The Group acquired the AmerUs group of companies on 15 November 2006 and, in line with accepted practice in the United States that group made political donations totalling $2,250 in December 2006. In common with other sizeable companies in the US, AmerUs also operates a Political Action Committee (PAC). The PAC allows employees to make contributions to be used for political donations and, in December 2006 a donation of $1,000 was made by the employee PAC. These are not political donations made by the Company. Following the integration of AmerUs into the Aviva Group, no future political donations will be made by the Company although AmerUs will continue to operate its employee PAC.
Group employees
The Group’s statement on its employees is set out in the Business Review.
In summary, the Group’s commitment to communication and dialogue with employees continues. A strong emphasis is placed on the provision of news through a variety of media, including intranets (both a Group-wide intranet, Arena, and local business unit intranets), Aviva radio, which can be accessed via mobile phone or computer, and poster campaigns. Employees have opportunities to voice their opinions and ask questions through intranet sites and climate surveys. Face-to-face briefings and team meetings are actively encouraged and are held in all business units across the Group. During 2006, the Group’s businesses in the United Kingdom established employee consultative forums.
Employee practice
Aviva Group companies are committed to providing equal opportunities to all employees, irrespective of their sex, sexual orientation, marital status, creed, colour, race, nationality, ethnic origin, disability, age, religion or union membership status. Aviva is an inclusive employer and values diversity in its employees. These commitments extend to recruitment and selection, training, career development, flexible working arrangements and promotion and performance appraisal. In the event of employees becoming disabled, every effort is made to ensure that their employment with the Group continues and to provide specialised training where this is appropriate.
Creditor payment policy and practice
It is the Group’s policy to pay creditors when they fall due for payment. Terms of payment are agreed with suppliers when negotiating each transaction and the policy is to abide by those terms, provided that the suppliers also comply with all relevant terms and conditions. The Company has no trade creditors. In respect of Group activities in the UK, the amounts due to trade creditors at 31 December 2006 represented approximately 13 days of average daily purchases through the year (2005: 8 days).
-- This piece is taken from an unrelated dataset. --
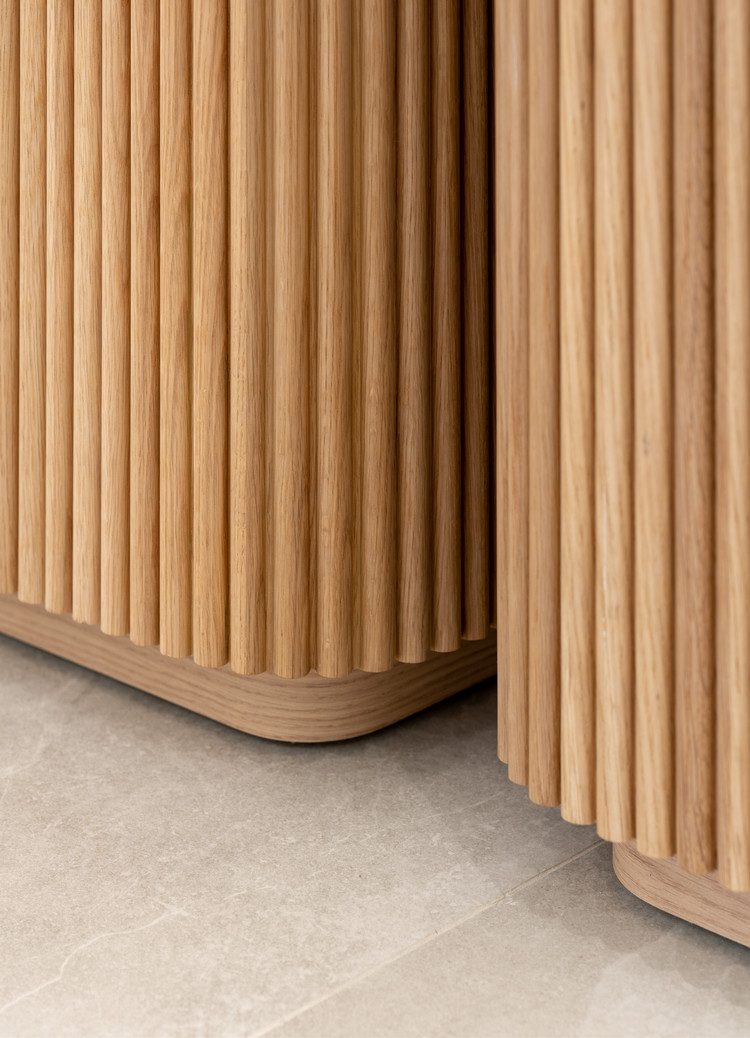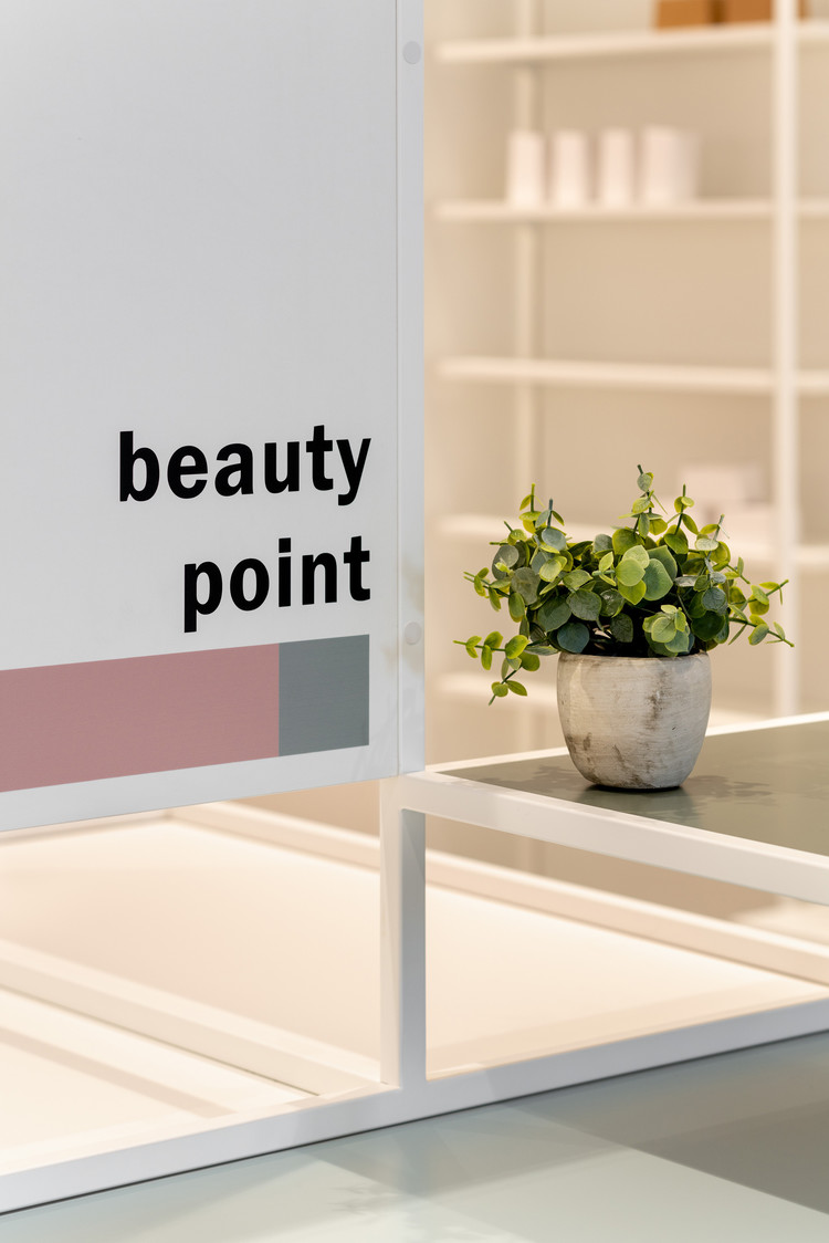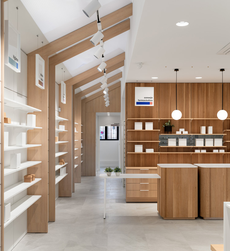 Los mostradores destacan como piezas exentas y artesanales, con una geometría especial y máximo cuidado del detalle. Se busca poner en valor y aportar herramientas para la atención presencial en la farmacia, con puntos clave como el beauty point.

Auditor and the disclosure of information to the auditor
Each person who was a director of the Company on the date that this report was approved, confirms that so far as the director is aware, there is no relevant audit information, being information needed by the auditor in connection with preparing its report, of which the auditor is unaware. Each director has taken all the steps that he/she ought to have taken as a director in order to make himself/herself aware of any relevant audit information and to establish that the auditor is aware of that information. This confirmation is given and should be interpreted in accordance with the provisions of Section 234ZA of the Companies Act 1985.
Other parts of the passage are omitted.